Deux opérateurs munis de gants blancs -c'est la règle pour tous- caressent amoureusement les courbes scintillantes d'une Alpine A110 avec des délicatesses de vestales. Lampe en main, ils scrutent les moindres détails de la finition, des jantes aux rétroviseurs. C'est la première image qui saute aux yeux quand on pénètre dans l'usine Alpine de Dieppe, berceau historique de la marque. Du reste, faut-il parler d'une usine? Fraîchement rebaptisé Manufacture Jean Rédélé, du nom du concepteur de la première berlinette, l'endroit ressemble plus à un atelier artisanal qu'à une fabrique automobile du 21e siècle.
Ici ni bruit ni armada d'automates. Sur la quinzaine de bolides qui sortent quotidiennement des lieux (près de 3.000/an), tout ou presque est encore assemblé manuellement, pièce par pièce.
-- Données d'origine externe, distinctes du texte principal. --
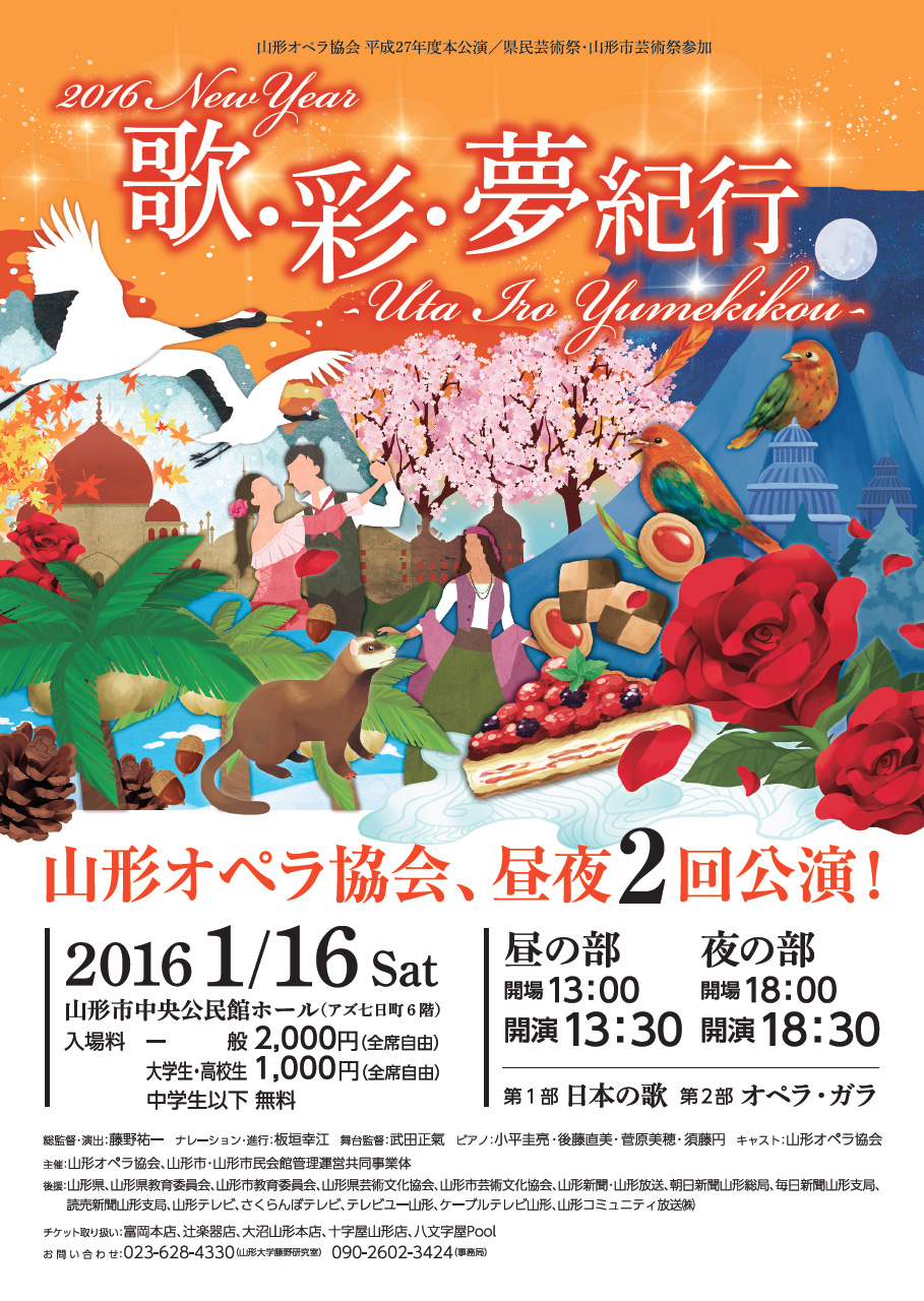 | お問合せ | 山形オペラ協会事務局 携帯:090-2602-3424 山形大学藤野研究室 電話:023-628-4330 |

« On compte à tout casser sept robots, calcule à voix haute Guillaume Dauzou, directeur de la performance industrielle. Un pour appliquer la colle autour du pare-brise, le reste pour la peinture extérieure. »
Un travail d'orfèvrerie
Peu de machines mais des techniciens de haut vol. Ne pénètrent dans le temple de l'Alpine que ceux qui ont apporté la preuve de leur dextérité au terme d'une formation de deux mois. « Il est, par exemple, exigé de savoir visser de la main gauche aussi bien que de la main droite », détaille notre guide. Même les intérimaires -au nombre de 80 en ce moment- doivent impérativement suivre un cursus de plusieurs semaines avant d'espérer rejoindre leur poste. Le prix à payer pour des cadences infiniment moindres que dans la moyenne de l'industrie automobile.
« Chaque opérateur a entre vingt minutes et une demi-heure pour effectuer une tâche, là où cela n'excède pas la minute dans d'autres usines » précise Guillaume Dauzou, non sans une certaine fierté. L'établissement (près de 400 salariés) ne rencontre d'ailleurs aucune pénurie de main-d'œuvre : le bassin d'emploi local y pourvoit. À Dieppe, où l'on voue un véritable culte à l'Alpine, on a coutume d'y travailler de père en fils. « Le prestige de la marque attire les jeunes générations », confirme le directeur du site, Francis Ferini.
Le choix de Luca de Meo
Il n'empêche, ce « fleuron du patrimoine industriel français », comme le qualifie le ministre de l'Économie, a senti passer le vent du boulet. Début 2020, malgré la relance de la marque, des rumeurs insistantes prédisent la fermeture de l'usine normande. L'A110, malgré un succès d'estime, ne suffit pas à saturer les lignes de production. Leur déménagement semble inéluctable. La nomination, quelques mois plus tard, de Luca De Meo, grand aficionado de voitures sportives, change la donne. Connu pour avoir sauvé Lamborghini, l'ancien patron de Fiat fusionne Renault Sport avec Alpine et mise sur la marque au A pour « créer de l'émotion et monter en gamme ». Dieppe reprend espoir.
Pendant ce temps, en coulisses, le locataire normand de Bercy, épaulé par le député communiste Sébastien Jumel, plaide la cause auprès du nouveau venu italien. « L'une des premières choses que Bruno Le Maire m'a dites, c'est qu'allez-vous faire de Dieppe ? », se souvient l'intéressé.
Deux ans plus tard, l'heure est donc à la consécration. En annonçant lui confier l'assemblage d'un SUV haut de gamme dont le moteur sera fabriqué à Cléon (Seine-Maritime) et la caisse à Douai (Nord), l'homme fort de Renault donne un gage de longévité à la Manufacture Jean Rédélé.
« On va jouer dans la cour des grands et être en compétition avec des monstres sacrés », a-t-il martelé devant ses salariés.
Les applaudissements ont été nourris.